As a check of our procedure for multiple hypothesis testing, we repeat the above analysis using randomly generated search volumes. We construct 55⋅30 = 1,650 time series of search volume data by independently shuffling the time series of search volume for each word in each topic. We then recreate Fig. 1 A and B using these 55 “topics” in Fig. 1 C and D, respectively. We find that, after FDR correction, no such topic deviates significantly from the cumulative returns from an uncorrelated random strategy.

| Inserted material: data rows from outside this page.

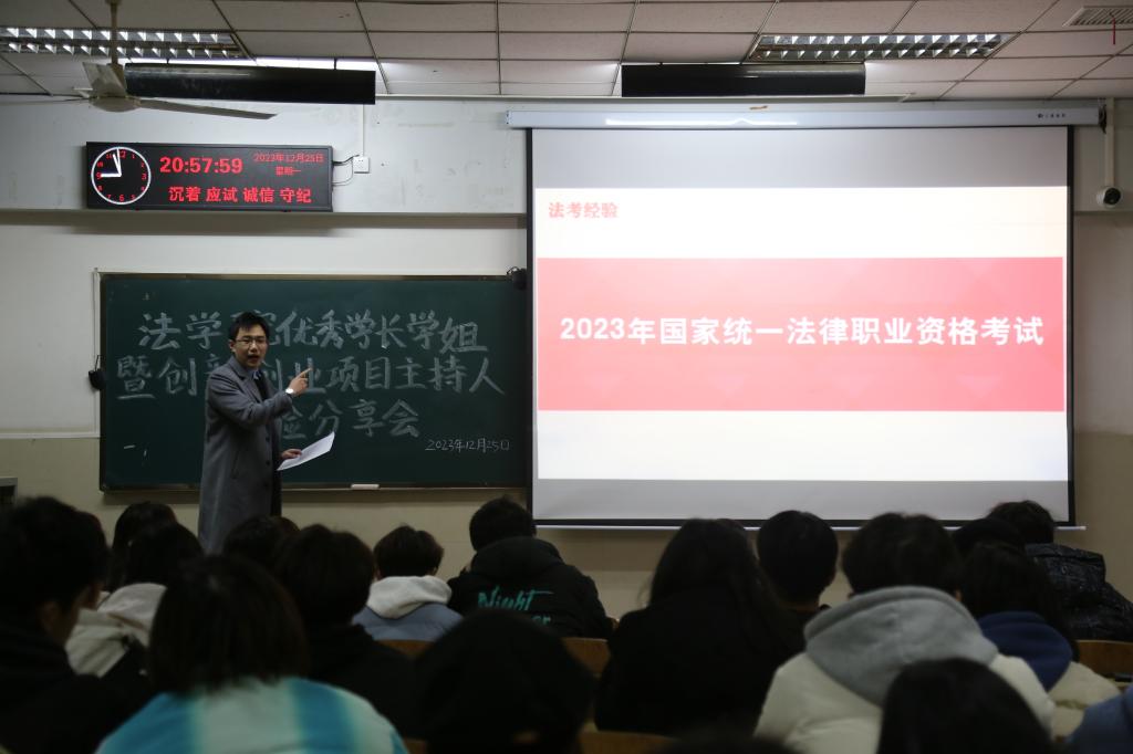 随后,骆语杰学长用幽默的语言将自己的学习和求职过程中的反思总结倾囊相授,分别从实习经验、法考经验、大学经验向大家进行讲述。通过梳理考研、法考、考公的关系,对同学们的未来规划进行指导,传授给同学们一些实用的大学经验,趣味横生,反响热烈。
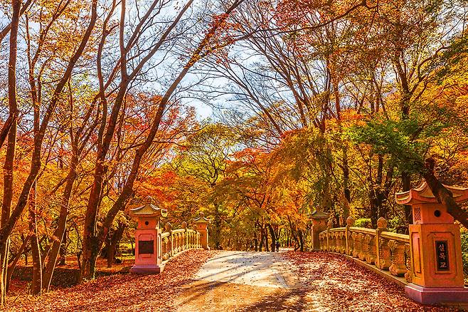 무등산 산책로는 가을이 되면 형형색색의 단풍으로 물들여져 화려한 터널이 형성됩니다.
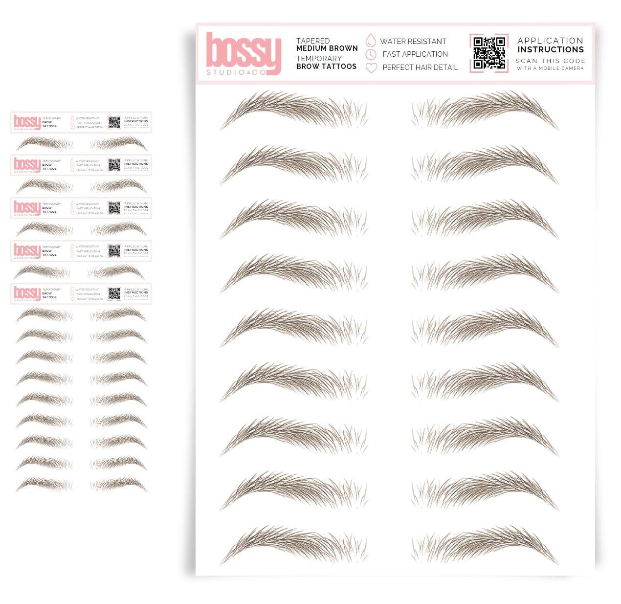 - EXCLUSIVE COLORS & STYLES Bossy Studio & Co is the original temporary brow tattoo. Weve created the largest selection of exclusive colors that are only available here. Our brow sheets are custom designed with premium adhesive for the longest-lasting results. Every eyebrow is identical and realistic in size so each pair is wearable. No more over-sized brows, our premium brow tattoos are designed by real brow experts which means youll only find realistic sizing and natural colors in our options.

We next investigate the Politics I, Politics II, and Business categories more carefully. In particular, we examine the effect of changing the period during which we analyze this relationship. In Fig. 2, we depict the results of using a range of moving 4-yr windows between 2004 and 2012 for the Business, Politics I, and Politics II topics with Δt held at 3 wk. We include an additional time window, from January 2010 to December 2013, to check the present-day performance of the strategies. We depict distributions of R for these periods using a kernel density estimate. As in Fig. 1, we compare the distributions of R from each topic with the distribution of R from random strategies. Terms in the Politics I category result in significant values of R (all Ws ≥ 18,839, all Ps < 0.05 after FDR correction) for all time windows, with the exception of 2009–2012 and 2010–2013. Terms relating to Business result in significant values of R for the periods 2004–2007, 2006–2009, 2007–2010, and 2008–2011 (all Ws ≥ 18,511, all Ps < 0.05, FDR correction applied). Finally, terms in the Politics II category result in significant values of R for the periods 2005–2008, 2006–2009, 2007–2010, and 2008–2011 (all Ws ≥ 19,196, all Ps < 0.05, FDR correction applied). Our results provide evidence of a historical relationship between the search behavior of Google users and financial market movements. However, our analyses suggest that the strength of this relationship has diminished in recent years, perhaps reflecting increasing incorporation of Internet data into automated trading strategies.

Fig. 2.

Fig. 2.

Effect of changing time window on returns. For the Business, Politics I, and Politics II topics, we depict the distribution of cumulative returns from the corresponding trading strategies in six overlapping 4-yr time windows. Distributions are plotted using a kernel density estimate, with a Gaussian kernel and bandwidth calculated with Silverman’s rule of thumb (42). Strategies trade weekly on the SPXT, using Δt = 3. The distribution of cumulative returns for a random strategy is also shown in each time window. The mean percentage return R¯ for each topic is provided on the right of the figure. We compare the cumulative returns for search volume-based strategies to the distribution of cumulative returns from the random strategy using two-sample Wilcoxon rank sum tests, with FDR correction for multiple comparisons. Terms in the Politics I category result in significant returns (all Ws ≥ 18,839, all Ps < 0.05 after FDR correction) for all time windows, with the exception of 2009–2012 and 2010–2013. Terms relating to Business result in significant returns for the periods 2004–2007, 2006–2009, 2007–2010, and 2008–2011 (all Ws ≥ 18,511, all Ps < 0.05 after FDR correction). Finally, terms in the Politics II category result in significant returns for the periods 2005–2008, 2006–2009, 2007–2010, and 2008–2011 (all Ws ≥ 19,196, all Ps < 0.05 after FDR correction).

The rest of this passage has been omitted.